The lines to repeat are those below from the one containing "Автоматический складной зонт" down to the one containing "イギリスの朝飯は、これと黒マ", both included; reproduce them exactly and nothing else.

(Dataset records)
•••

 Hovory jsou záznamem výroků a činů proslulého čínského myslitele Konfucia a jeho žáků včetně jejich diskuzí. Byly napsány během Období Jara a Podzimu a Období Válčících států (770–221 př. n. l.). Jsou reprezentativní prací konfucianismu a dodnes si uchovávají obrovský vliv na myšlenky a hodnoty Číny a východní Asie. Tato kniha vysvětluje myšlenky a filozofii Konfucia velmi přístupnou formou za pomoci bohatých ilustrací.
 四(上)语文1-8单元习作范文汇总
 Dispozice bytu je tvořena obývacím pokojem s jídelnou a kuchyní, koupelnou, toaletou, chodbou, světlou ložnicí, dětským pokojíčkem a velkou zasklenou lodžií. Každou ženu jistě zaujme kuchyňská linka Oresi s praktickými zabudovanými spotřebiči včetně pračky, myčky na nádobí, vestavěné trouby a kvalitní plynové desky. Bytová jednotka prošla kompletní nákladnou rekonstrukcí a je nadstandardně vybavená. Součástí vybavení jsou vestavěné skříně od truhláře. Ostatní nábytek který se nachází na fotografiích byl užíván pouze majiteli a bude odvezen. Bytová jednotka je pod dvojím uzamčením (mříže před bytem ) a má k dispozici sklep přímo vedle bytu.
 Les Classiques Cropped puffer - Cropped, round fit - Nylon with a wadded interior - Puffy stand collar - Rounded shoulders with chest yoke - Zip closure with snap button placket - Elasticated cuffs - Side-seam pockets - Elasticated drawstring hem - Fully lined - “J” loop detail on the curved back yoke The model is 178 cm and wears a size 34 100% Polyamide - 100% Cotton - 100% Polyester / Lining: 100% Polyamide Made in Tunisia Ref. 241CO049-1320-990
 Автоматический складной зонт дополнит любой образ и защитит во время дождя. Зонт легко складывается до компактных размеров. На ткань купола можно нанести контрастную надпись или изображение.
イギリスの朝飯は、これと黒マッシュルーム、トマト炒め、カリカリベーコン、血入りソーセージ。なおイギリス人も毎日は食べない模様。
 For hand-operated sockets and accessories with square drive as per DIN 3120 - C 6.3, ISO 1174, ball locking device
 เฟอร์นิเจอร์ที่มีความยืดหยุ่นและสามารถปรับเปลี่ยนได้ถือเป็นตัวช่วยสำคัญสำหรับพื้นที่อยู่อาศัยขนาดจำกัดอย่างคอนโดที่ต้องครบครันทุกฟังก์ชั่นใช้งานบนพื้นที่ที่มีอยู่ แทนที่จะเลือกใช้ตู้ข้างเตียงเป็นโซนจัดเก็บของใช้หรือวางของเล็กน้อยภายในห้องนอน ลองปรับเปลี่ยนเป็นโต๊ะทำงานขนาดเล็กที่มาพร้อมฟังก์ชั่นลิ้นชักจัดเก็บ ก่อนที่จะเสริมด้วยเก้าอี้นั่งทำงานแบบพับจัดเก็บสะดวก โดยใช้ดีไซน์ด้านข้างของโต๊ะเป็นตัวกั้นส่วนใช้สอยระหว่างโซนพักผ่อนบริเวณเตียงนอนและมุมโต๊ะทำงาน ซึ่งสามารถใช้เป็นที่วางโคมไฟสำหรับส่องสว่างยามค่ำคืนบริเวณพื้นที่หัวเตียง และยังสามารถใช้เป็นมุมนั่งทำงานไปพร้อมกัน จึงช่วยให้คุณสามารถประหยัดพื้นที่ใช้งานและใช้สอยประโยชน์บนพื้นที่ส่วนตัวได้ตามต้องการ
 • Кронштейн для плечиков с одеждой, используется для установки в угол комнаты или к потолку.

•••

- **ANSWER TO THE EXERCISE**
 Автоматический складной зонт дополнит любой образ и защитит во время дождя. Зонт легко складывается до компактных размеров. На ткань купола можно нанести контрастную надпись или изображение.
イギリスの朝飯は、これと黒マッシュルーム、トマト炒め、カリカリベーコン、血入りソーセージ。なおイギリス人も毎日は食べない模様。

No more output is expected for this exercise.